The process of turning a well-known text into a well-known binary is called * serialization * . The process of converting a binary to text is called *deserializatin*.

In [0]:
from pyspark.sql.functions import col, expr

In [0]:
#read the GeoPandas Geodataframe into a Sedona Data Frame
#convert the  the geometry as a well-known text geometry first
geopandas_wkt = geopandas_dataframe.assign(geometry=geopandas_dataframe.geometry.apply(lambda geom: geom.wkt))
geopandas_wkt.info()

#convert geodataframe into vanilla Spark dataframe. note the Geometry type is "object" not geometry.
spark_dataframe = spark.createDataFrame(geopandas_wkt)
spark_dataframe.display()

#cast the geometry column to a Sedona geometry type
spatial_dataframe= spark_dataframe.select(col("geometry"), expr("ST_AsText(ST_GeomFromWKT(geometry)) AS geom"))



# Using Sedona as SQL #

In [0]:
#upload dataframe as a temp table
spark_dataframe.createOrReplaceTempView("spark_dataframe_temp_view")

#parse the geometry column as a Sedona geometry type
#this will throw an error. Cannot query with spatial dataframe
spatial_dataframe = spark.sql("SELECT ST_GeomFromWKT(geometry) as geom FROM spark_dataframe_temp_view")
spatial_dataframe.show()

Once the geometry column is converted from a string to geometry, it **cannot** be displayed.


In [0]:
#these will all throw errors. Cannot query with spatial dataframe
spatial_dataframe.write.mode("overwrite").saveAsTable("moo_ops_workspace.default.spatial_dataframe_test2")
spatial_dataframe.display()
spatial_dataframe.printSchema()


In [0]:
#To display, list, or save geography data, convert it back to a well known interchange format, e.g.
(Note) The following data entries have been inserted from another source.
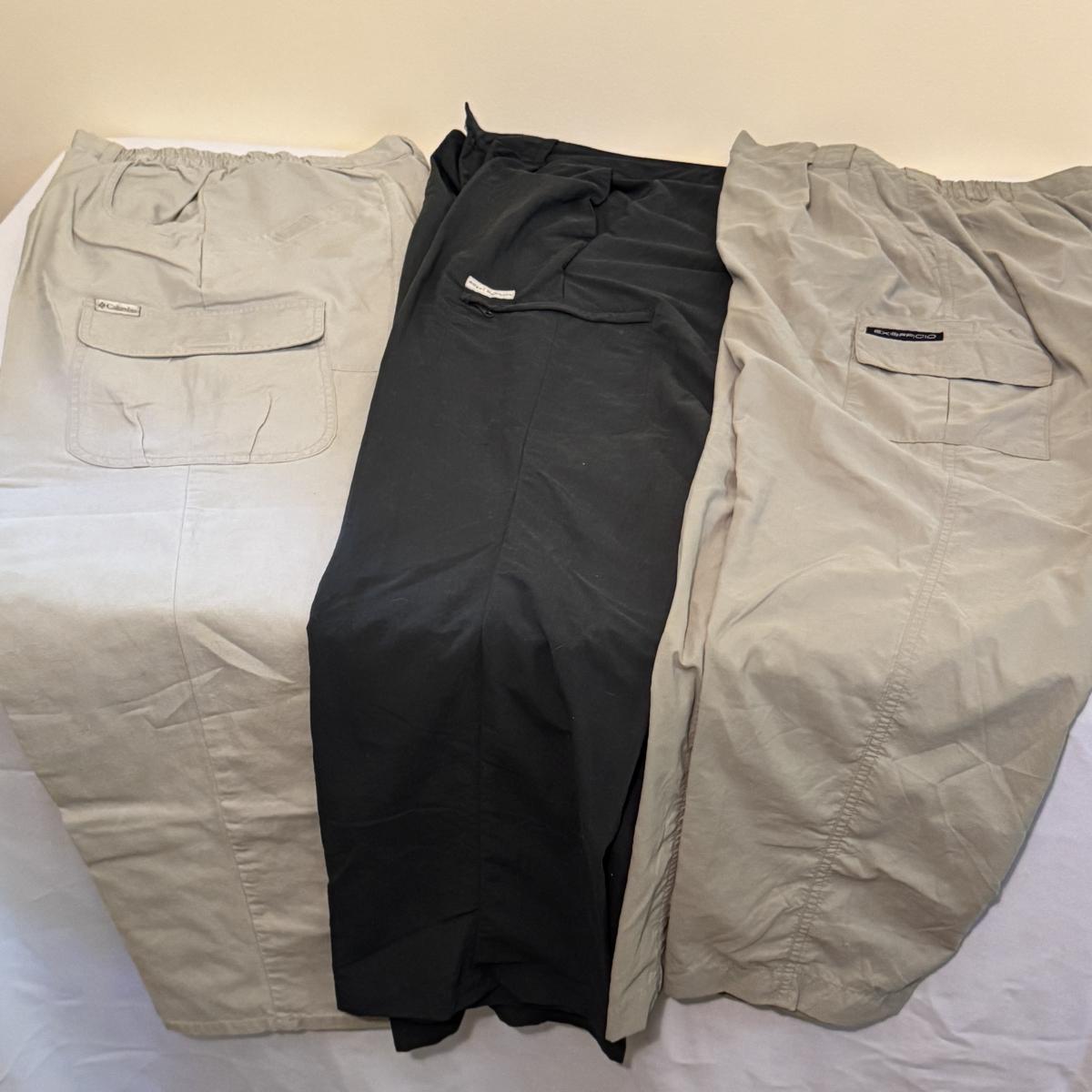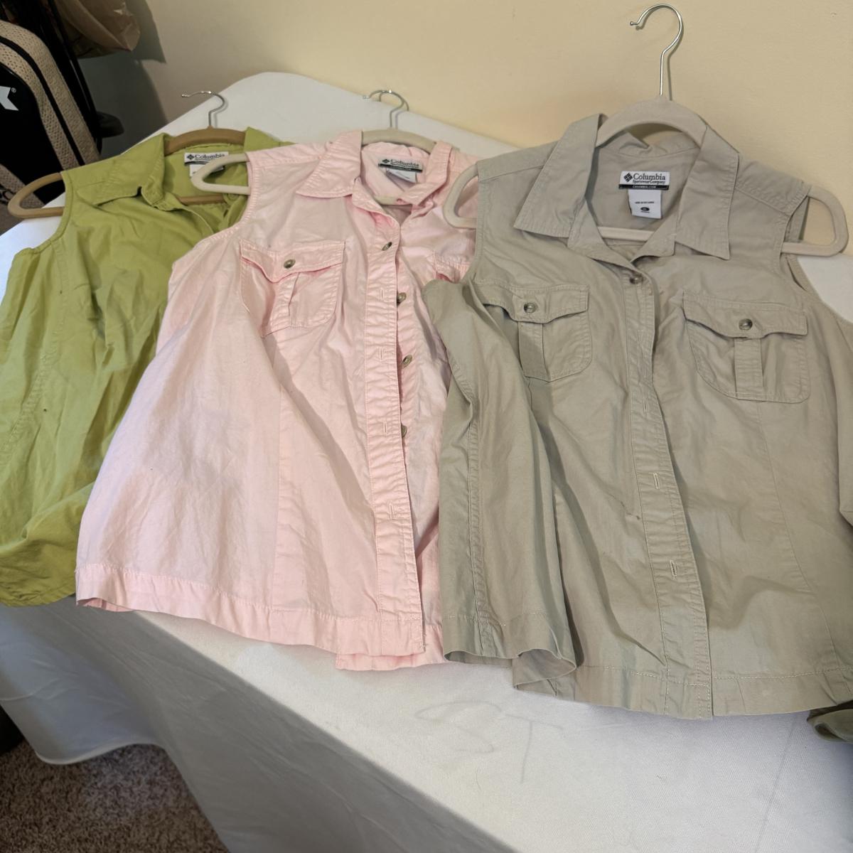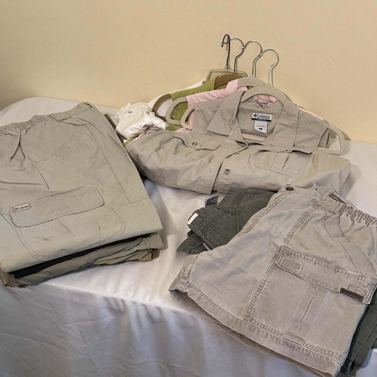 Shirts, shorts, and sweaters by the top names in outdoor clothing, Colombia, Ex Officio and Royal Robbins. Most sizes are M-L. Two of the sleeveless shirts are XL. Shipping available.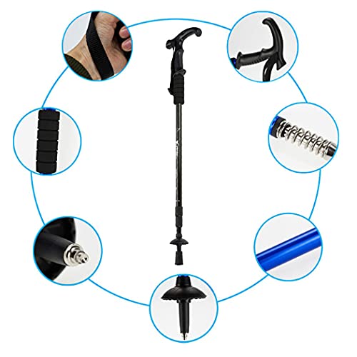 YHomU Trekking Pole Aluminium Alloy Portable Extendable 4 Sections Collapsible Folding Walking Stick Folding Collapsible Foldable Climbing Supplies for Men Outdoor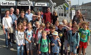 Schon früh am Morgen machte sich unsere stattliche Gruppe von 19 Kindern und 8 Begleitern mit Bus und Bahn nach Stuttgart zum Carl-Zeiss-Planetarium auf. Schließlich begann ja die Vorstellung „Das kleine 1x1 der Sterne und Planeten“ schon um 10 Uhr. Die Treppen von der S-Bahn hoch, durch den Hauptbahnhof hindurch, am Rande der Baustelle über den Steg in den Schlossgarten – geschafft! Nach kurzer Verschnaufpause ging es in den Saal, das Licht ging aus und die Reise konnte beginnen:

GeoJSON, WKT, WKB.
#ST_is already a WKT.
spatial_dataframe_wkt = spatial_dataframe.select(expr("ST_AsText(geom) AS wkt"))
spatial_dataframe_wkt = spatial_dataframe.select(expr("geom as wkt"))
spatial_dataframe_wkt.display()
spatial_dataframe_wkt.printSchema()

# Writing a Spatial DataFrame

In [0]:
#Save the Sedona spatial dataframe with the geometry saved to a standard interchange format 
#but it is only writing if it is WKT, not geometry.
spatial_dataframe_wkt.write.mode("overwrite").saveAsTable("moo_ops_workspace.default.spatial_dataframe_test")